The standoff in the foyer was ongoing when Deborah walked down the stairs.
"Oh, Christ. Not this again!" Deb looked back and forth between her live-in girlfriend and Barry the corgi.
"We are having a discussion. He will see it my way soon," Ava winked at Deborah.
"Barry, go!" Deb commanded. Little corgi legs moved out of the room, nails clicking on the marble. "If you don't start picking them up, this will only continue."
"Maybe he has abandonment syndrome or something," Ava was defending the little guy.
"And sitting on top of your boots so you can't put them on in the morning is the answer?" Deb huffed. "Give me that!"
Handing over her recently refilled cup of coffee, Ava watched with interest as Deborah drank from it.
"Shouldn't he be more concerned with my staying?" Deb posed.
"He's never had to worry about you not coming back," she stepped toward Deborah and wrapped a hand around the woman's hand on the mug. "No comments about oat milk this morning?"
Lips pressed tightly made Deb's face unreadable.
"Not even that it tastes like it was strained with wet newspaper?" Ava teased and Deborah refused to give in. "You must have been really desperate for more coffee."
"Desperate for you to stop tormenting my dog maybe."
"Mmm…I recall you being quite desperate for something else last night," Ava leaned in closer and slowly tasted the coffee on Deborah's lips.
"Deborah, I—" Marcus stood completely still when he realized what he had walked in on. His eyes closed in the hope of it all being over when he opened them again. He spat, "I will not wear a bell, Ava."
"What did you need, Marcus?" Deborah turned from Ava and straightened her shoulders, handing the mug back. Deborah had been trying mightily to transition seamlessly from tender moments with Ava to professional, business-minded moments with her staff while in the house.
"I wanted to discuss the delivery tomorrow," he said, ignoring Ava who had focused her attention on her boots which were going to need wiped down after Barry's affections. "In your office?"

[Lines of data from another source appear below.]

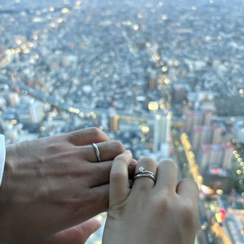 お互いに似合うリングの種類が違うのでペア感にならないのが最後まで気になっていましたが、このブランドはリングの内側にふたりのイニシャルや記念日を無料で刻印してくれるサービスがあるため、見えないところで2人だけの特別感を演出することができました。また内側にもそれぞれが選んだメッセージ性のあるダイヤをオプションで埋め込み、世界で一つだけの指輪を作ることができたのは満足です。
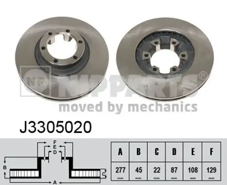 Jeu de 2 Disques de frein NIPPARTS J3305020 Critères Cercle de percage -Ø [mm] : 108 mm Diamètre du centrage [mm] : 87 mm Diamètre extérieur [mm] : 277 mm Diamètre moyeu de roue [mm] : 129 mm Endroit d'assemblage : Essieu avant
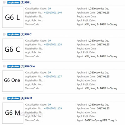 بر اساس گزارش تازه منتشرشده، شرکت الجی، نام تجاری G6 C، G6 L و G6 M را به ثبت رسانده است. همچنین، در کنار این مدل، نام تجاری الجی جی 6 وان نیز به ثبت رسیده است.
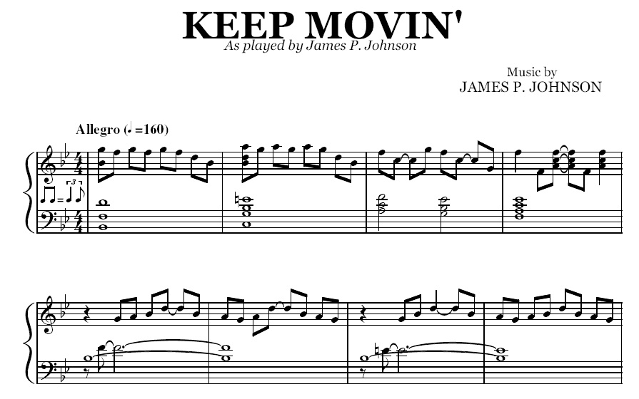 Acheter la partition en format PDF de Keep Movin' (James P. Johnson), transcrite à partir de l'enregistrement original. Vous pourrez télécharger le PDF de la partition juste après le paiement.
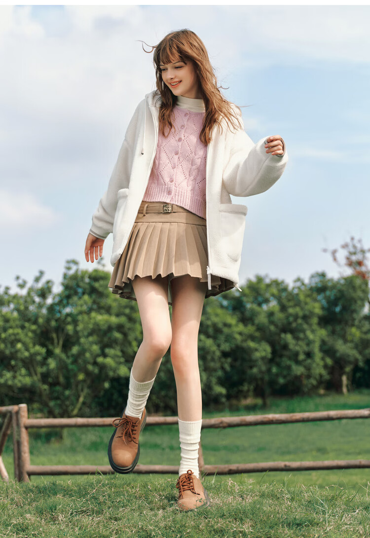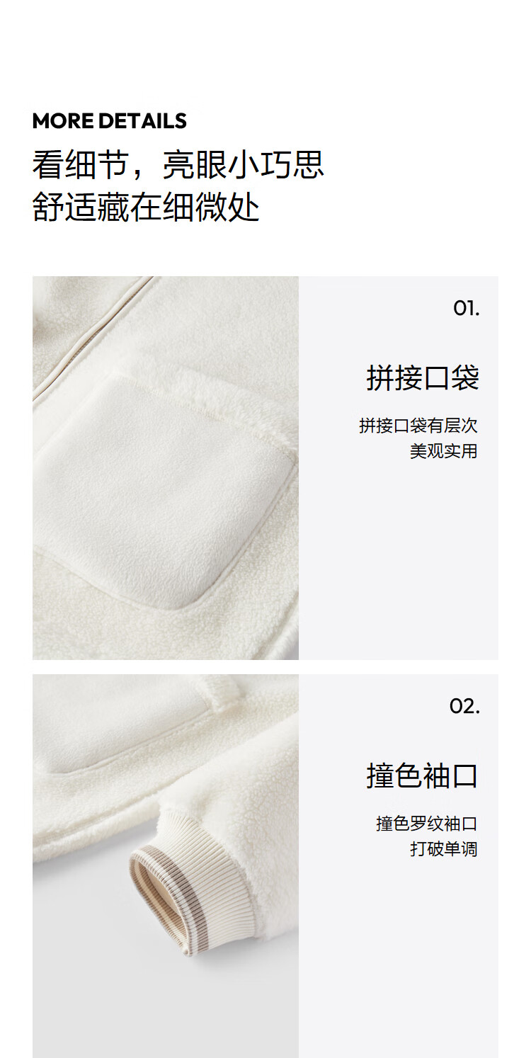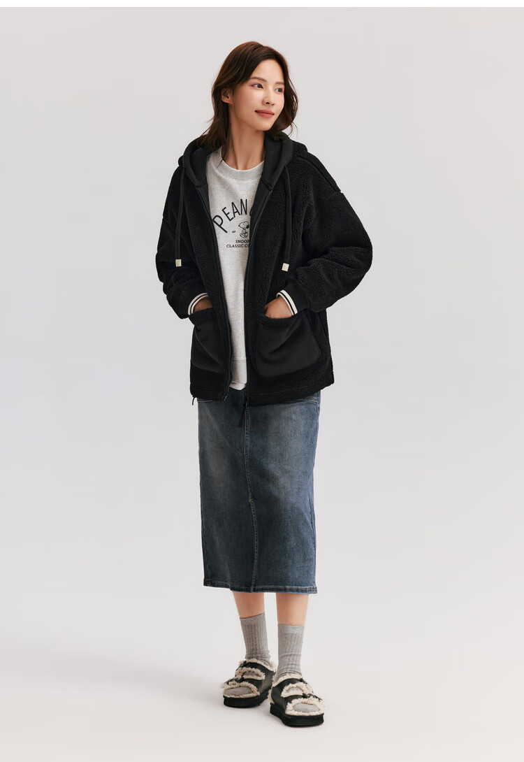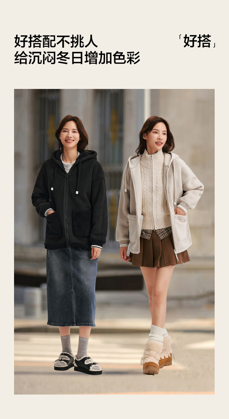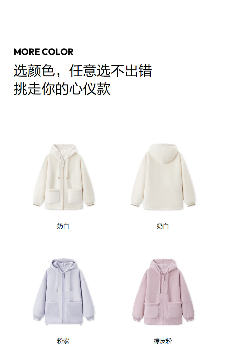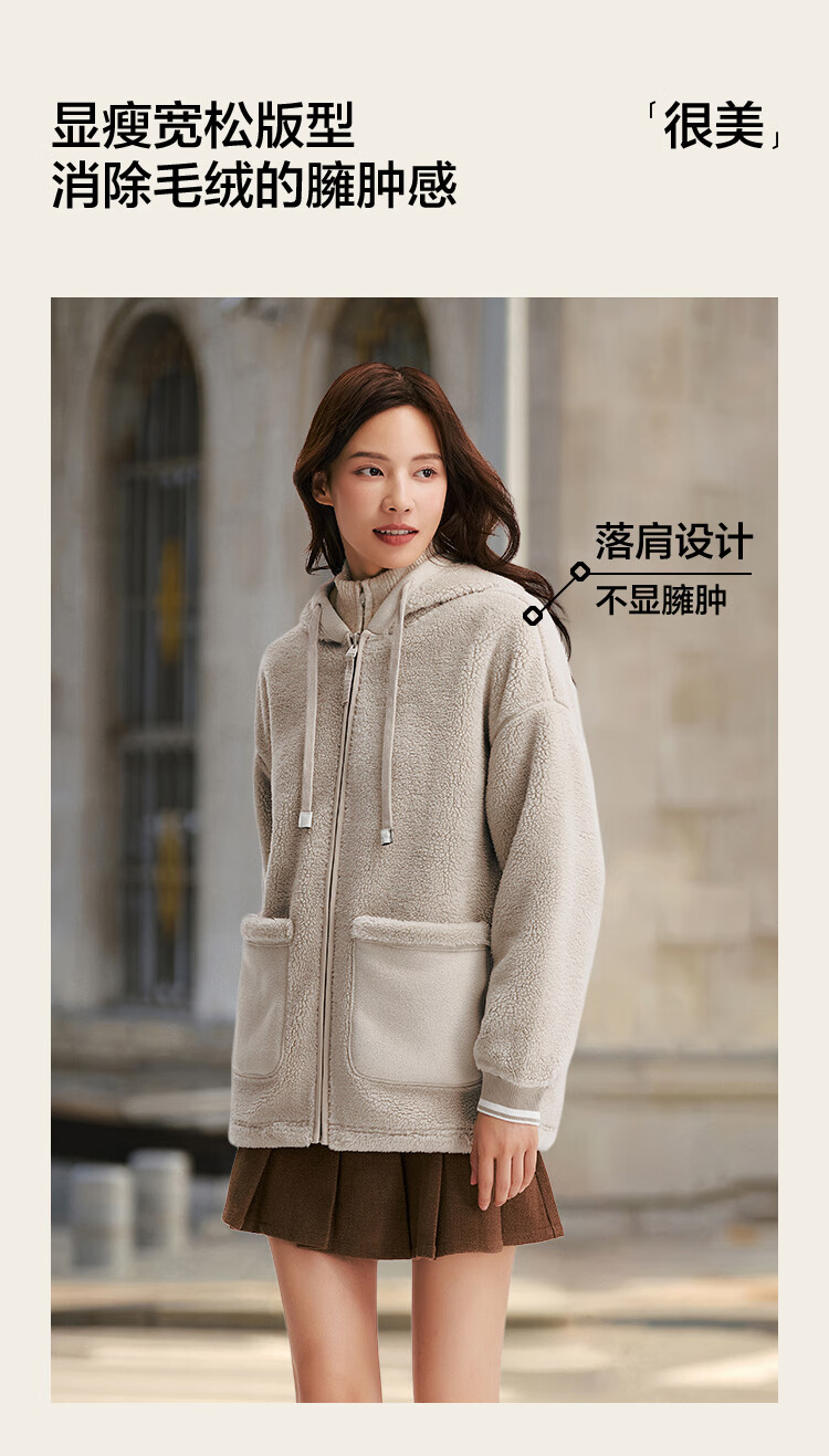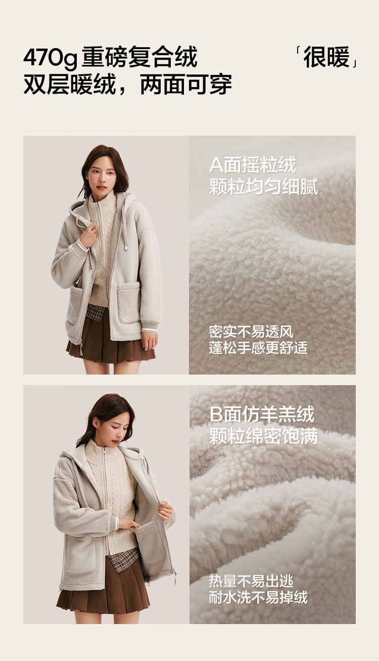 森马(Semir)森马外套女仿羊羔毛摇粒绒双面穿连帽重磅夹克24新款109724108002

Deborah followed him without looking back.
"Positively disgusting, dude," Ava shook her head and muttered to her shoes.
…
"I don't understand," Ava was staring into a room she had never before seen at a rather large mahogany desk. "You and Marcus arranged this?"

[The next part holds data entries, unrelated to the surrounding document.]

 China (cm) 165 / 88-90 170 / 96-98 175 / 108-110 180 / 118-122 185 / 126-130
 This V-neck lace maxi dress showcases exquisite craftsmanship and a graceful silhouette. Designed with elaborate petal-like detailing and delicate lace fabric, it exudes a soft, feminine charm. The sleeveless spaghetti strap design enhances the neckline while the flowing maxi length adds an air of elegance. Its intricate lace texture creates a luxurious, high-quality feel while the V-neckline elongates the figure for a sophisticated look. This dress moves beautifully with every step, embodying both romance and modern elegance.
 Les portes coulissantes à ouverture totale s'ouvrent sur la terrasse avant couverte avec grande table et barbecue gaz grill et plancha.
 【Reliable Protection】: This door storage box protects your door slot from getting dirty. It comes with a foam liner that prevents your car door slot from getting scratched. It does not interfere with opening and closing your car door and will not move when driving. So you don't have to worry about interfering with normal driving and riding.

The two women were side by side. Deborah took Ava's hand and gave it a squeeze.
"You need a space to write, take your video calls, hide out. No vaping or naked selfies," Deb's face was serious.

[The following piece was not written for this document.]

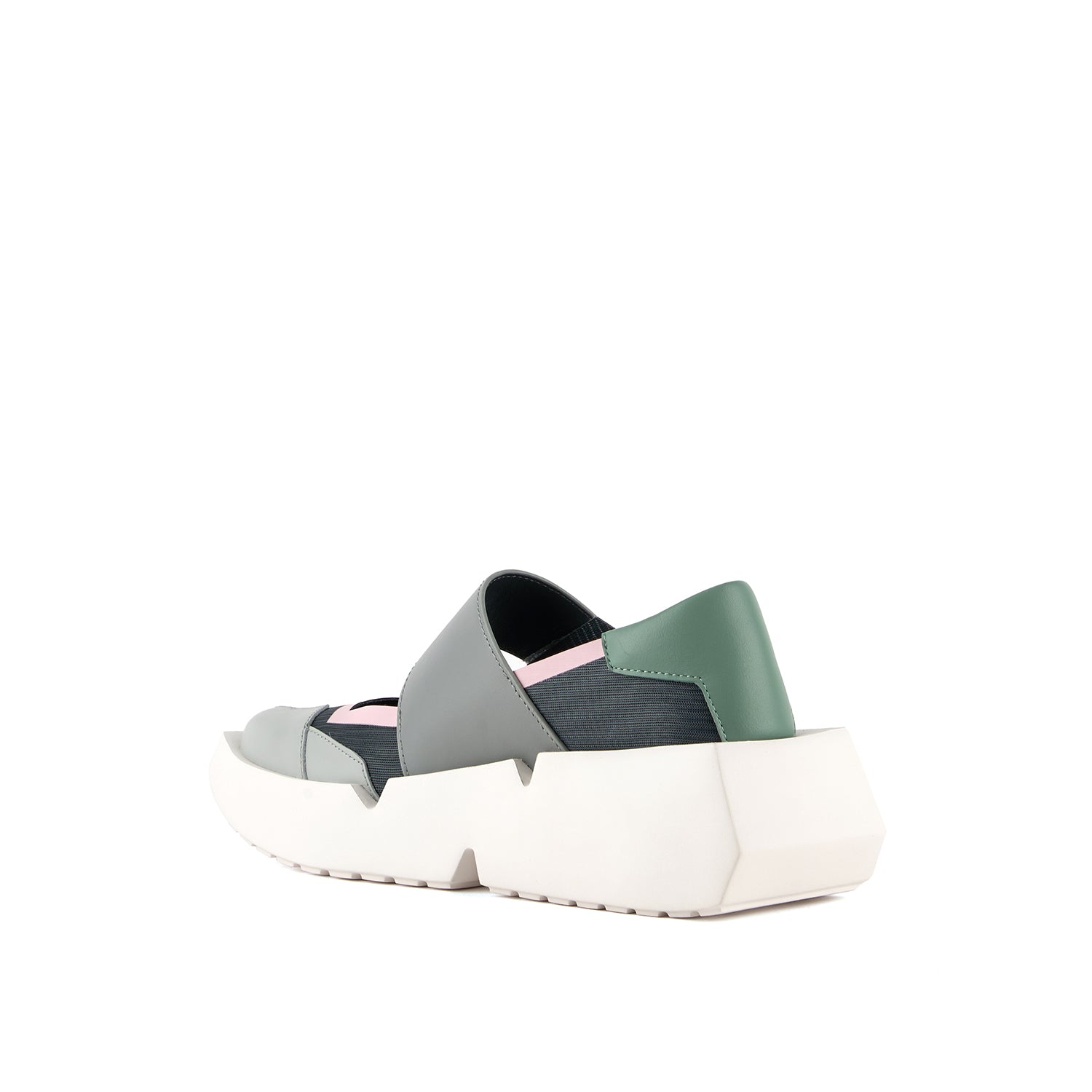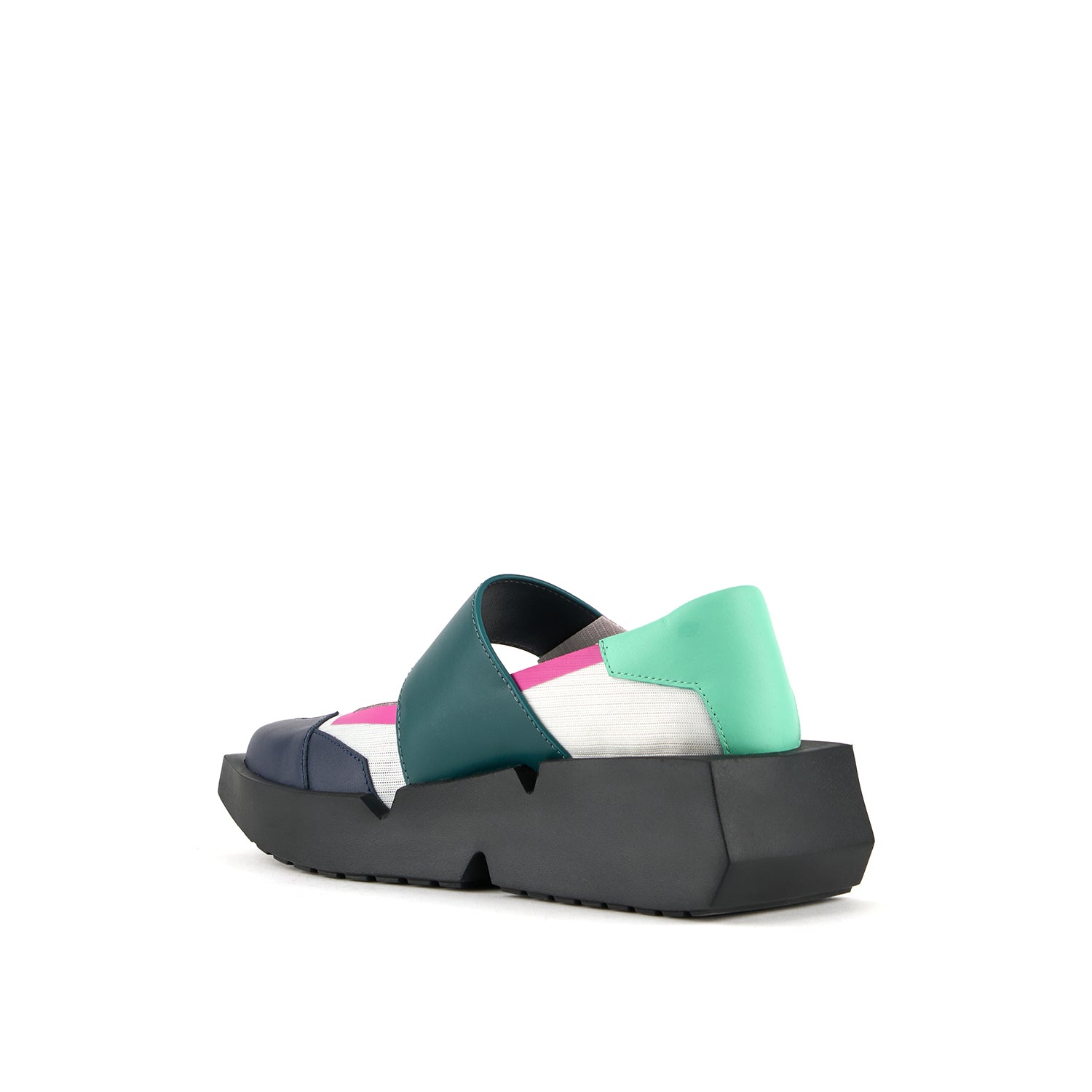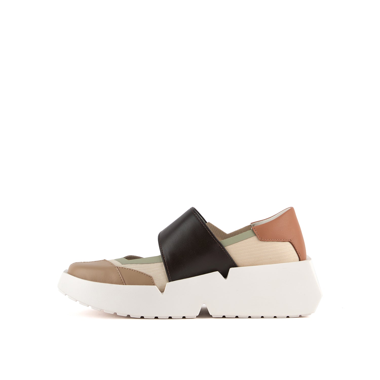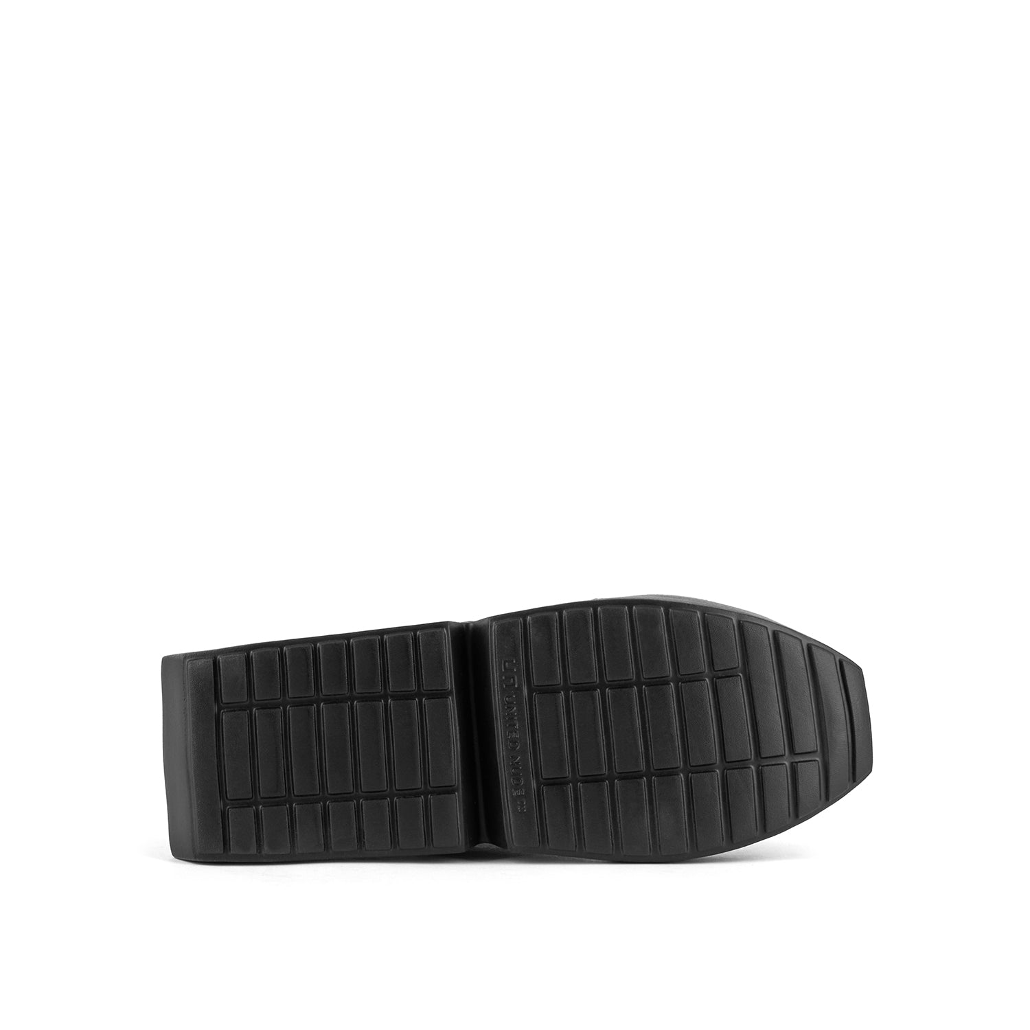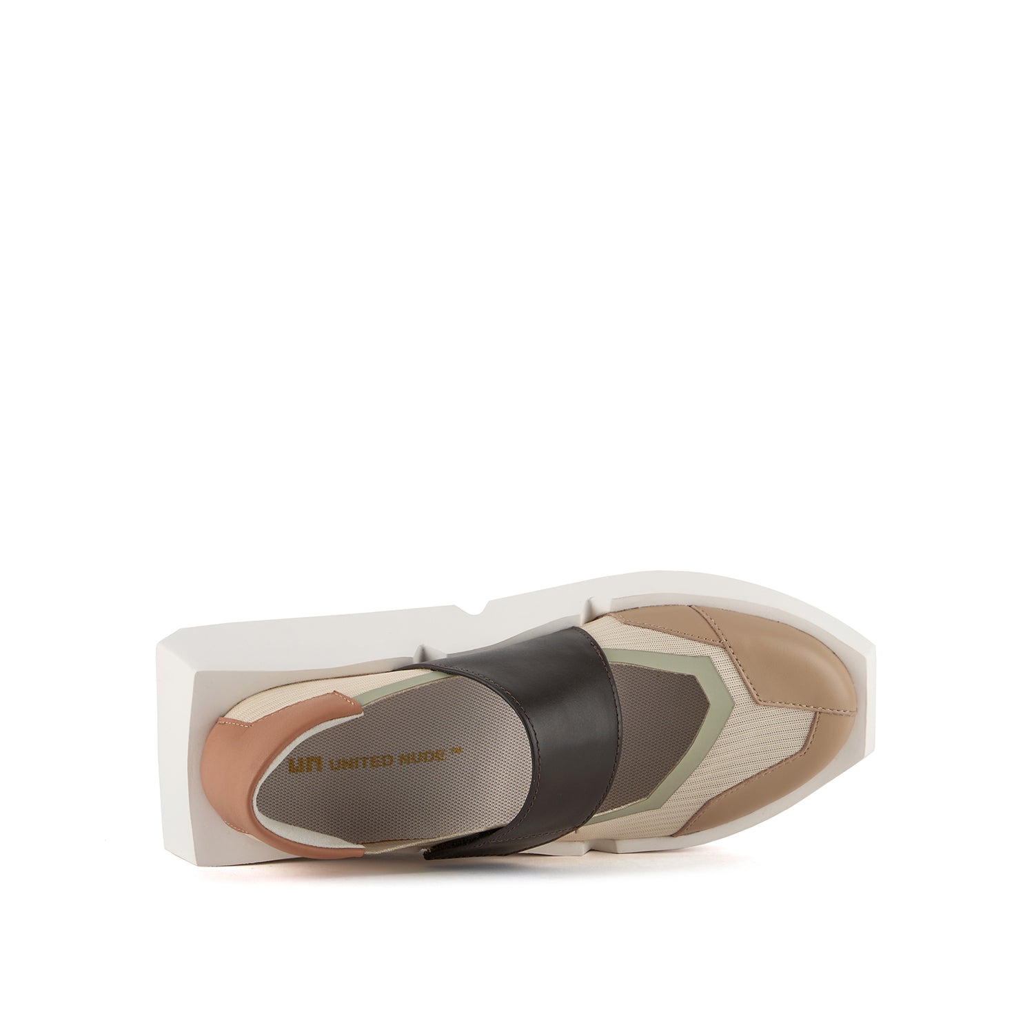 The Mega Robot Jane is a sporty, lightweight Mary Jane that blends technical design with bold, architectural style. Featuring a geometric leather upper, it creates a modern, graphic look with a comfortable, flexible fit. An adjustable hook-and-loop velcro strap secures the foot, while the brutalist, block-shaped EVA rubber outsole—embossed with the iconic United Nude logo—adds statement volume and cushioned support.

"What if I'm sending them to you?" Ava nudged Deb's shoulder with her own, earning her an eyeroll.
"I wasn't sure if you would have preferred the guest room. The window is larger in here. And you have a view of the pool if you need inspiration," Deborah wasn't sure Ava liked the surprise and her nerves were surfacing.
"Inspiration to become an Olympic breaststroke specialist?" Ava couldn't resist. She glanced at Deb and saw the anxiety there. "I love it, D. Honestly, I figured the basement would be fine for working. The wi-fi is a little spotty and that antique chair is hell on my hips, but it would have kept me out of your hair."
This got Deb's immediate attention, her head turning to Ava before her mouth had even caught up. "This isn't because you are in my way. Not at all. You know how glad I am you are here. But if I'm going to require you keep doing that job, the least I can do is provide you an adequate space to do it from. Don't ever think I'm trying to keep you away. Ever."
"God, you are something else, Deborah Vance," Ava turned into the woman's body and rested her chin on her shoulder, whispering in her ear. "I must mean a lot to you. I mean, not only a couch but now a desk? What do I have to do to get a China hutch?"
Deborah's arm wrapped around Ava's low back and she mimicked the mouth to ear move.
Deb whispered, "Maybe one day you'll find out. Now, get me a Diet Coke and meet me in my office. We've got work to do."